Le FIP est-il un bon placement pour défiscaliser ?

Le FIP réduit l’impôt, mais il reste un placement risqué et peu liquide, avec des frais parmi les plus élevés du marché (jusqu’à 30 % cumulés) et un risque de perte en capital qui peut dépasser l’avantage fiscal lui-même. La réduction de 30 % offre une marge de sécurité face aux frais, mais aucun gain n’est garanti. En pratique, il n’a de sens que pour un contribuable à TMI ≥ 30 %, disposant déjà d’une épargne de précaution et capable d’immobiliser ses fonds 8 à 10 ans. Surtout, ce n’est pas un produit de rendement mais un outil de défiscalisation à risque, à n’envisager qu’après avoir saturé les enveloppes plus efficientes. À TMI 41 % ou 45 %, comparez d’abord l’économie qu’offre une déduction sur un PER, proportionnelle à votre tranche et sur des supports moins risqués.

Pourquoi le FIP métropole a-t-il été supprimé, et qu’est-ce que cela change ?

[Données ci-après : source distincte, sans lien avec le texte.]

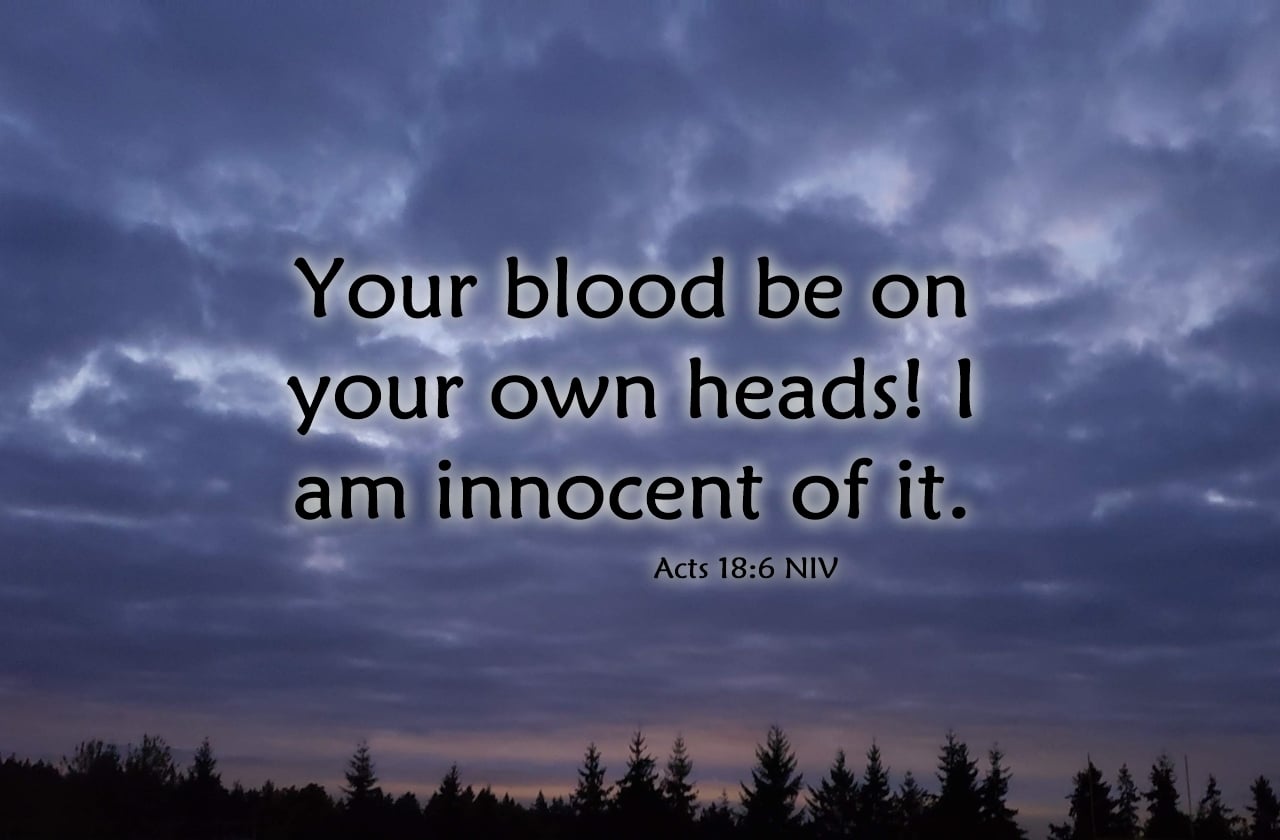 “他们既抗拒,毁谤,保罗就抖着衣裳说,你们的罪归到你们自己头上,与我无干,从今以后,我要往外邦人那里去。”(徒18:6)

La loi de finances pour 2025 recentre les dispositifs IR-PME sur les segments jugés prioritaires : les territoires spécifiques (Corse, outre-mer) et les jeunes entreprises innovantes côté FCPI. Le soutien généraliste au capital régional métropolitain via le FIP a été abandonné au 1er janvier 2026. Concrètement, un épargnant métropolitain qui veut défiscaliser via un FIP doit désormais se tourner vers un FIP Corse ou outre-mer à 30 % : il n’existe plus de « FIP de proximité » métropolitain ouvrant droit à réduction. Le FIP n’est par ailleurs qu’un levier parmi d’autres, et notre guide des réductions, crédits et déductions d’impôt aide à le situer face aux dons, à la SOFICA ou au déficit foncier sous le même plafond de 10 000 €.